» Exercise instructions:
Transcribe the following records exactly, images excluded.

» Task data:
******

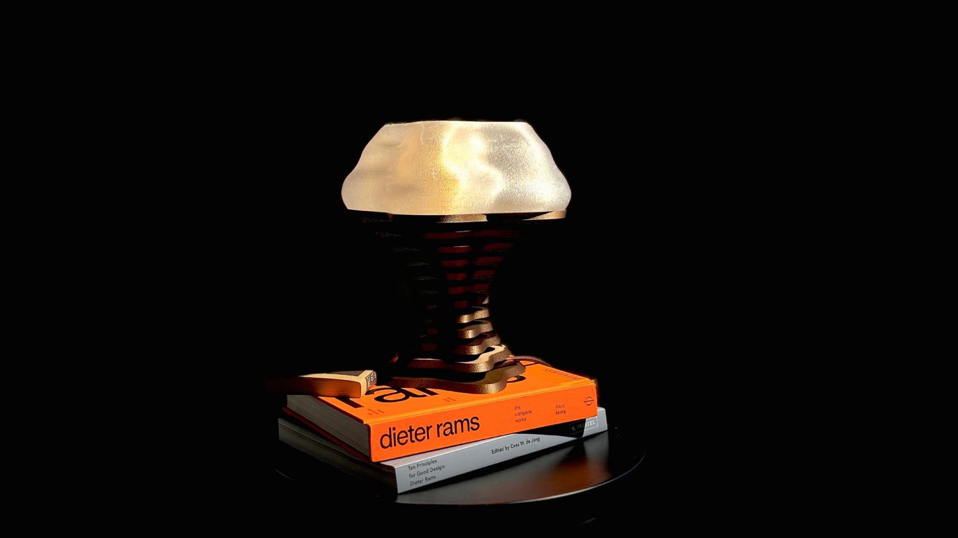 Every piece is printed in Amsterdam from a high-grade PLA biopolymer blended with recycled wood fibres and PET-G recovered from drinks bottles. The composite is lightweight and can be re-granulated in our own studio. Worn shells can be returned to us for shredding and re-extrusion. An NFC tag embedded in each base links to a digital passport recording material origin, print parameters and a unique ID, so every lamp carries a verifiable identity and owners become stewards, not just consumers.
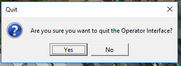 To exit the software, click the “X” at the top-right corner of the GUI window then click “Yes” when prompted. It is also possible to exit the GUI using the System option on the Main window. Exiting the GUI does not affect the operation of the system as the detection and classification of events is driven by the OptaSense software running on the PUs. The GUI is simply a visualisation and control tool of which there can be several running across the system. These various quitting methods are shown in Figure 7.
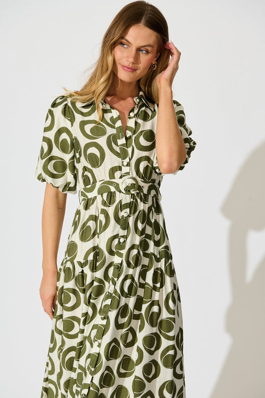 Ayla Midi Shirt Dress In Emerald Embroidered Cotton
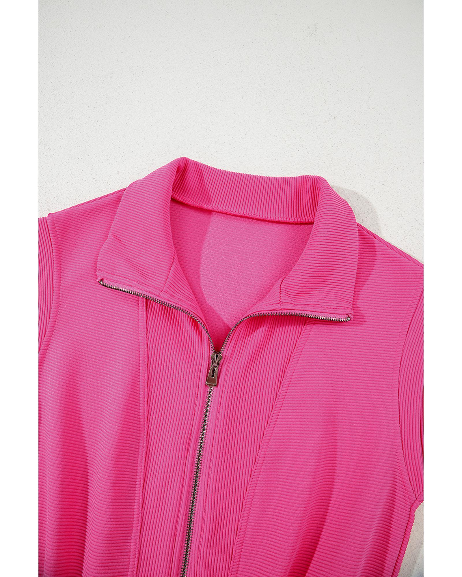 Rose Red Textured Short Sleeve Half Zip Drawstring Waist Romper – XL
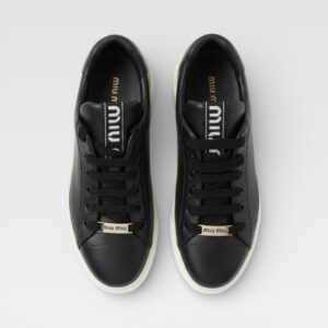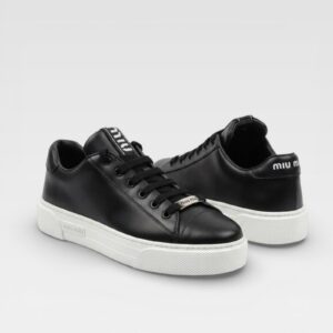 Un diseño limpio con identidad distintiva. Estas zapatillas de Miu Miu están confeccionadas en cuero negro de acabado liso y presentan una silueta minimalista de inspiración urbana. La suela de goma blanca con plataforma crea un contraste marcado con el empeine oscuro, mientras que los detalles del logo en la lengüeta, el talón y la placa metálica en los cordones aportan el sello característico de la marca. Un modelo versátil que combina fácilmente con looks casuales o más pulidos.
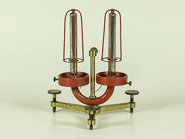 Un elegante piedistallo in noce tornito sorregge un braccio orizzontale nel quale è infisso un cilindro di ferro dolce, mantenuto in posizione da una vite in avorio. L’apparato serve per effettuare esperienze sull’induzione elettromagnetica.
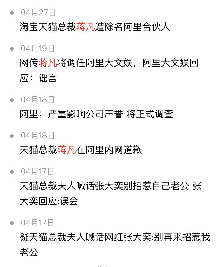 有消息称,有“反腐女王”之称的阿里创始人18罗汉之一蒋芳也参与了此次调查,彼时内部消息显示,初步审查后,可以基本断定蒋凡与张大奕没有利益输送关系。此外,有市场消息透露,蒋凡可能调任阿里大文娱集团,然而,4月19日晚,阿里巴巴很快对该传闻回应:“系谣言。”
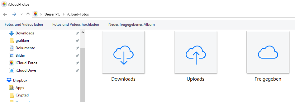 iCloud-Fotos bindet sich auch in die Favoriten vom Windows Explorer ein. Ihre Fotos und Videos finden Sie dann in den „Downloads“ oder unter „Freigegeben“.
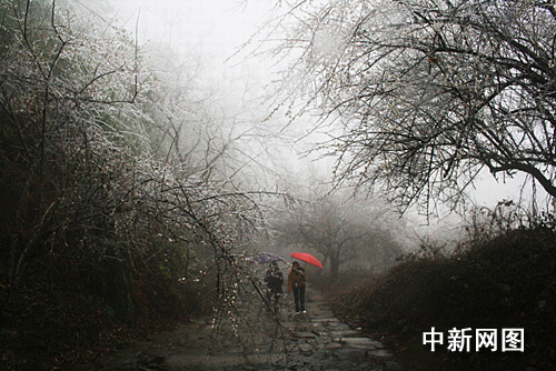 在遠近聞名的梅關古道兩側,目光所及都是一片銀枝玉葉、冰掛霧凇,樹上早已綻放的千姿百態、婀娜多姿的白梅、臘梅、綠梅與晶瑩的冰雪花交輝相映,讓人眼花繚亂。在“嶺南第一關”門樓前,一群群年輕人絲毫不懼嚴寒,或相爭取景拍照留影,或盡情玩耍放聲大喊。“真是意外的驚喜,沒想到這次到南雄來休閑正好遇上了這場雪。古道踏雪賞梅還是第一次”一群從廣州來的游客興奮不已地告訴記者。
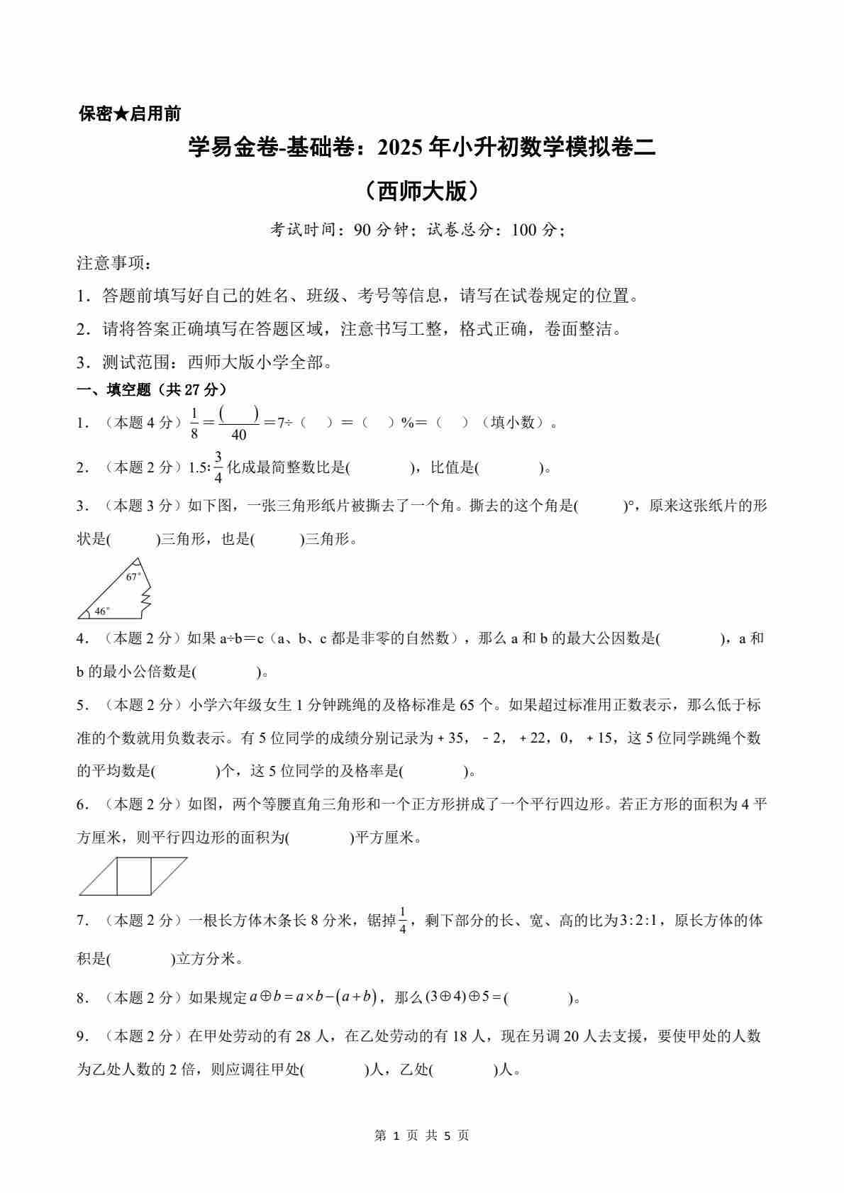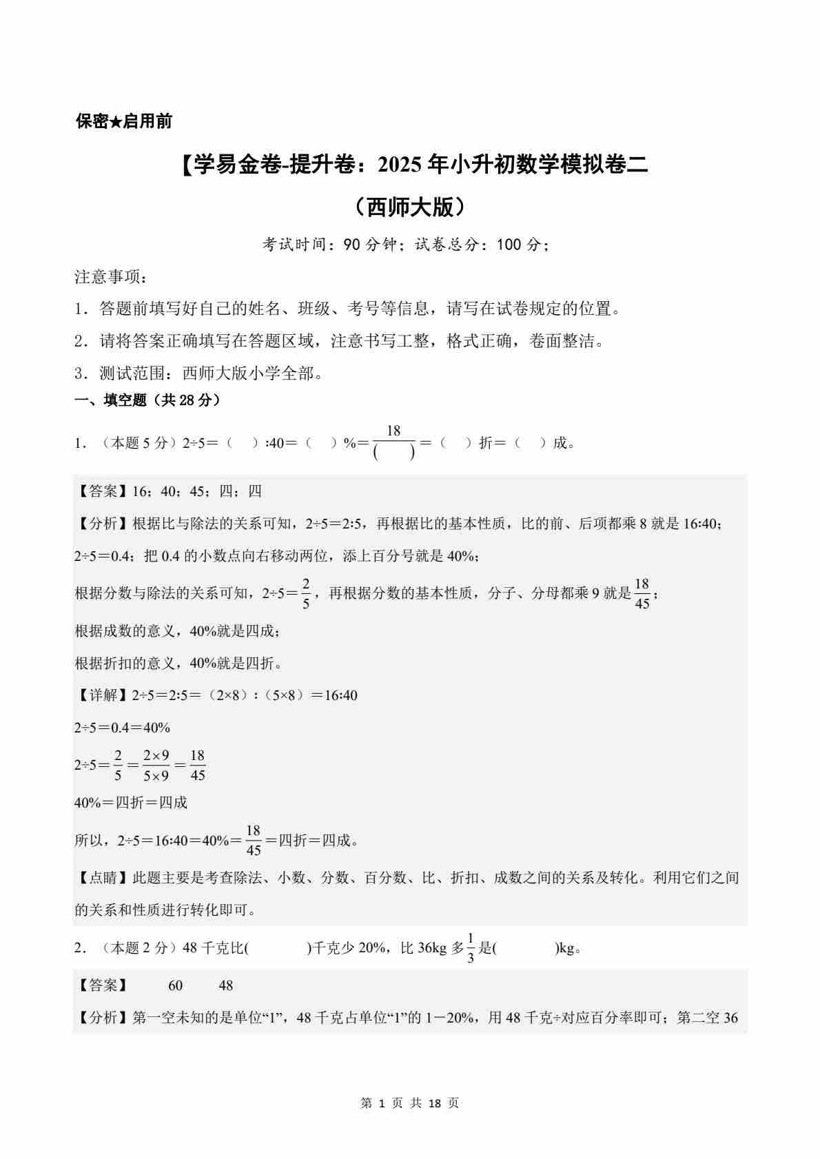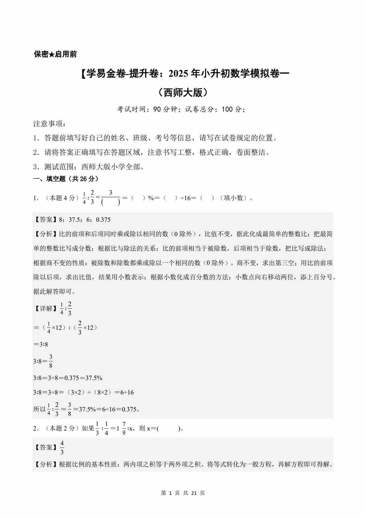 【西师大版】数学(提升卷02)(考试A4版)

******

» Answer to this exercise:
 Every piece is printed in Amsterdam from a high-grade PLA biopolymer blended with recycled wood fibres and PET-G recovered from drinks bottles. The composite is lightweight and can be re-granulated in our own studio. Worn shells can be returned to us for shredding and re-extrusion. An NFC tag embedded in each base links to a digital passport recording material origin, print parameters and a unique ID, so every lamp carries a verifiable identity and owners become stewards, not just consumers.
 To exit the software, click the “X” at the top-right corner of the GUI window then click “Yes” when prompted. It is also possible to exit the GUI using the System option on the Main window. Exiting the GUI does not affect the operation of the system as the detection and classification of events is driven by the OptaSense software running on the PUs. The GUI is simply a visualisation and control tool of which there can be several running across the system. These various quitting methods are shown in Figure 7.
 Ayla Midi Shirt Dress In Emerald Embroidered Cotton
 Rose Red Textured Short Sleeve Half Zip Drawstring Waist Romper – XL
 Un diseño limpio con identidad distintiva. Estas zapatillas de Miu Miu están confeccionadas en cuero negro de acabado liso y presentan una silueta minimalista de inspiración urbana. La suela de goma blanca con plataforma crea un contraste marcado con el empeine oscuro, mientras que los detalles del logo en la lengüeta, el talón y la placa metálica en los cordones aportan el sello característico de la marca. Un modelo versátil que combina fácilmente con looks casuales o más pulidos.
 Un elegante piedistallo in noce tornito sorregge un braccio orizzontale nel quale è infisso un cilindro di ferro dolce, mantenuto in posizione da una vite in avorio. L’apparato serve per effettuare esperienze sull’induzione elettromagnetica.
 有消息称,有“反腐女王”之称的阿里创始人18罗汉之一蒋芳也参与了此次调查,彼时内部消息显示,初步审查后,可以基本断定蒋凡与张大奕没有利益输送关系。此外,有市场消息透露,蒋凡可能调任阿里大文娱集团,然而,4月19日晚,阿里巴巴很快对该传闻回应:“系谣言。”
 iCloud-Fotos bindet sich auch in die Favoriten vom Windows Explorer ein. Ihre Fotos und Videos finden Sie dann in den „Downloads“ oder unter „Freigegeben“.
 在遠近聞名的梅關古道兩側,目光所及都是一片銀枝玉葉、冰掛霧凇,樹上早已綻放的千姿百態、婀娜多姿的白梅、臘梅、綠梅與晶瑩的冰雪花交輝相映,讓人眼花繚亂。在“嶺南第一關”門樓前,一群群年輕人絲毫不懼嚴寒,或相爭取景拍照留影,或盡情玩耍放聲大喊。“真是意外的驚喜,沒想到這次到南雄來休閑正好遇上了這場雪。古道踏雪賞梅還是第一次”一群從廣州來的游客興奮不已地告訴記者。
 【西师大版】数学(提升卷02)(考试A4版)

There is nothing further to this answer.